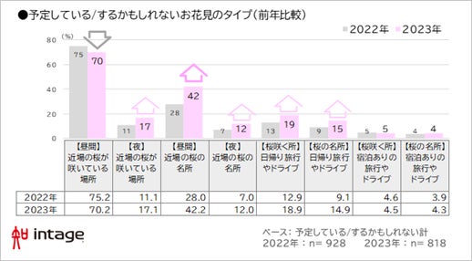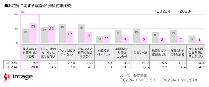 第8波の感染者数も減少傾向にあり、マスク着用も緩和される中、「誰かと一緒にお花見を楽しむ」というマインドや行動が、確実に回復してきていることが感じられる結果と言えそうです。
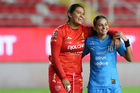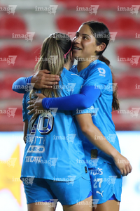 Aguascalientes, Aguascalientes, 29 de septiembre de 2025. Katty Martínez y Nicole Pérez en festejo de gol, durante el partido correspondiente a la jornada 13 del torneo Apertura 2025 de la Liga BBVA MX, entre las Centellas del Necaxa y las Rayadas del Monterrey, realizado en el estadio Victoria. Foto: Imago7/ Rogelio Davila
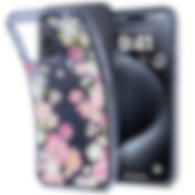 Spigen Flytende krystall iPhone 15 Pro-etui - rosa og blå blomster
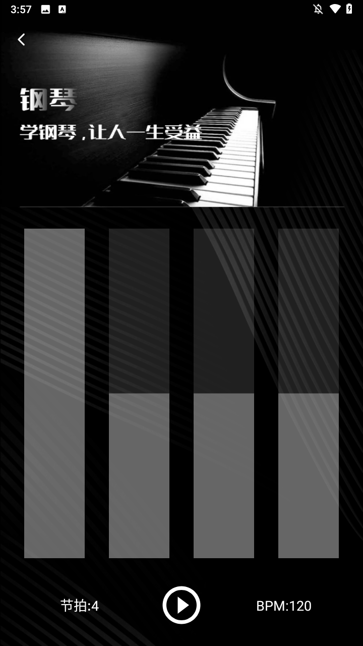 节拍器:自定义速度(如60-120bpm),帮助培养稳定节奏感,支持渐快/渐慢训练。
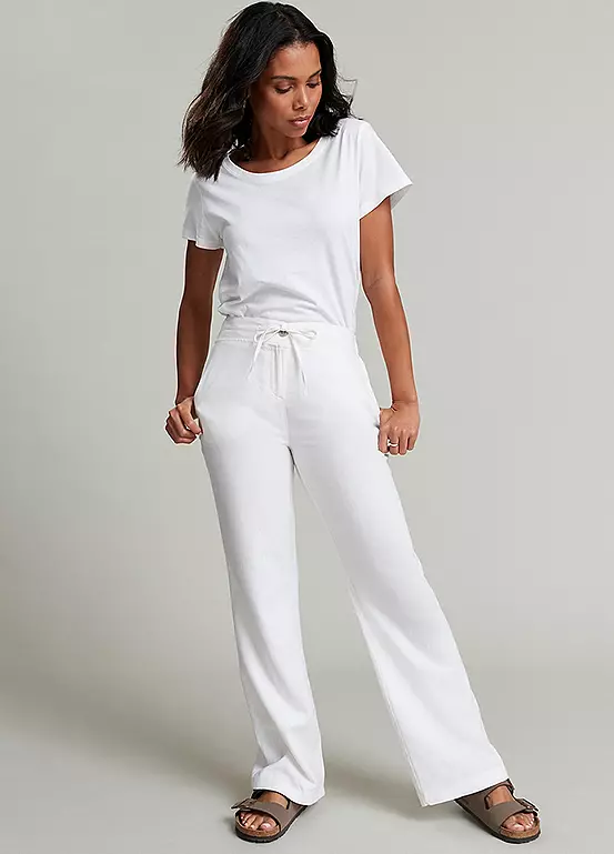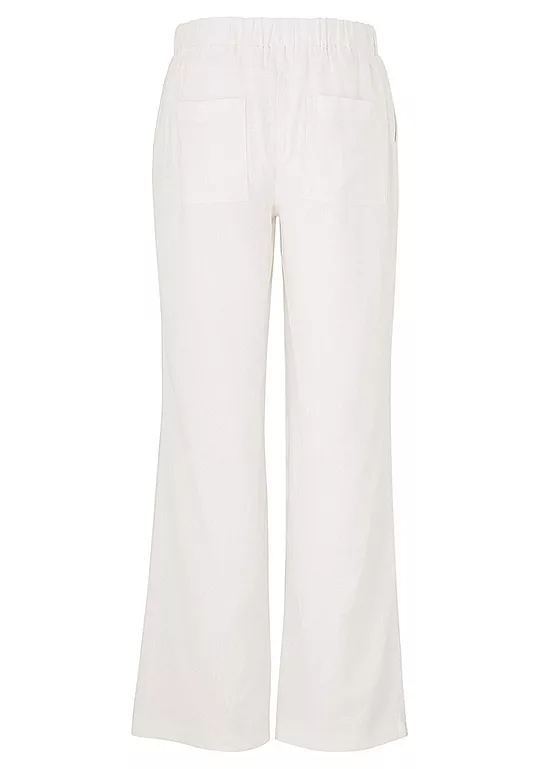 As well as flat front finishing, elasticated smooth back waist and self fabric tie. Style with a printed came and sandals for a sunshine ready look.
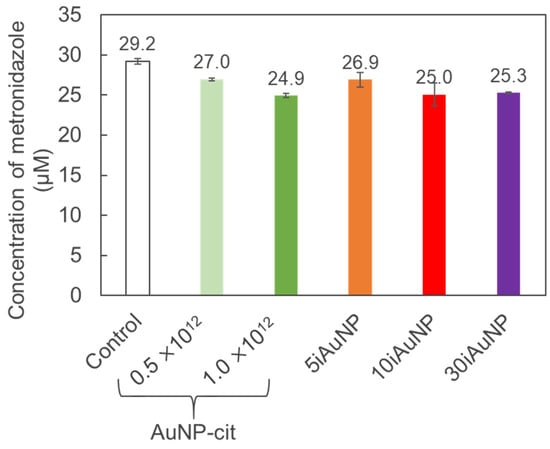Concentration of MTZ after 10 min of degradation in contact (control) with AuNPs-cit or 5, 10, or 30iAuNPs and NaBH4 at 20 °C and 150 rpm stirring (mean for n = 3 with corresponding standard deviation).
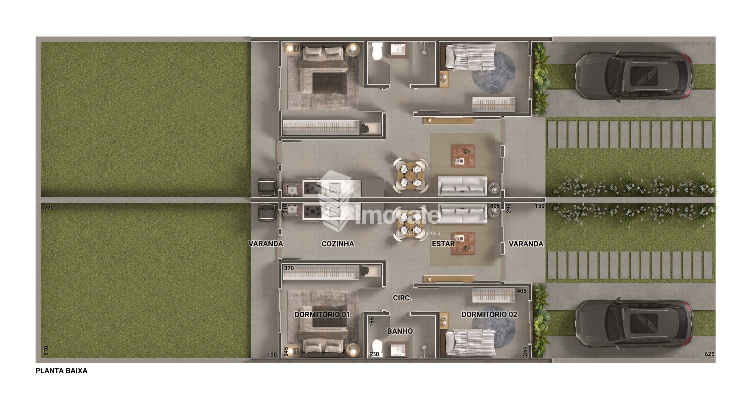 CASAS GEMINADAS FINANCIÁVEIS PELO PROGRAMA MCMV, COM 60,00 m² DE ÁREA CONSTRUÍDA,
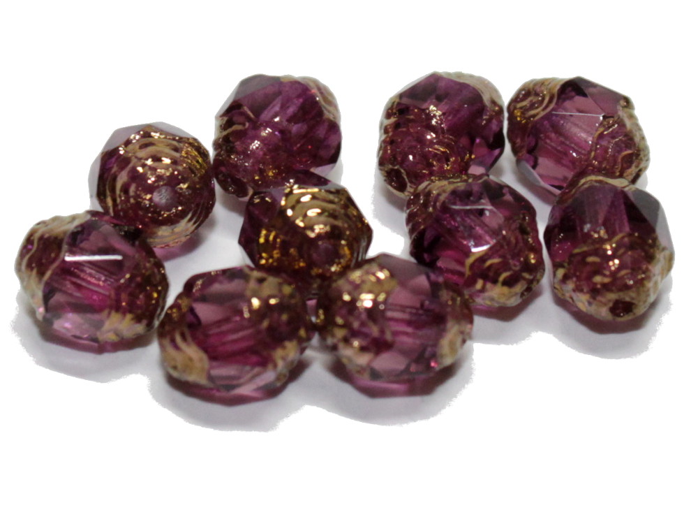 10 böhmische Glasschliffperlen Barock  6x8 mm, amethyst full bronze coated

□ □ □ □ □

◆ WHAT YOU SHOULD DO: Exclude the pictures from the copy. Retype exactly the lines running from the one containing "CASAS GEMINADAS FINANCIÁVEIS" through the last line of the listing.

◆ SOLUTION FOR THIS TASK:
 CASAS GEMINADAS FINANCIÁVEIS PELO PROGRAMA MCMV, COM 60,00 m² DE ÁREA CONSTRUÍDA,
 10 böhmische Glasschliffperlen Barock  6x8 mm, amethyst full bronze coated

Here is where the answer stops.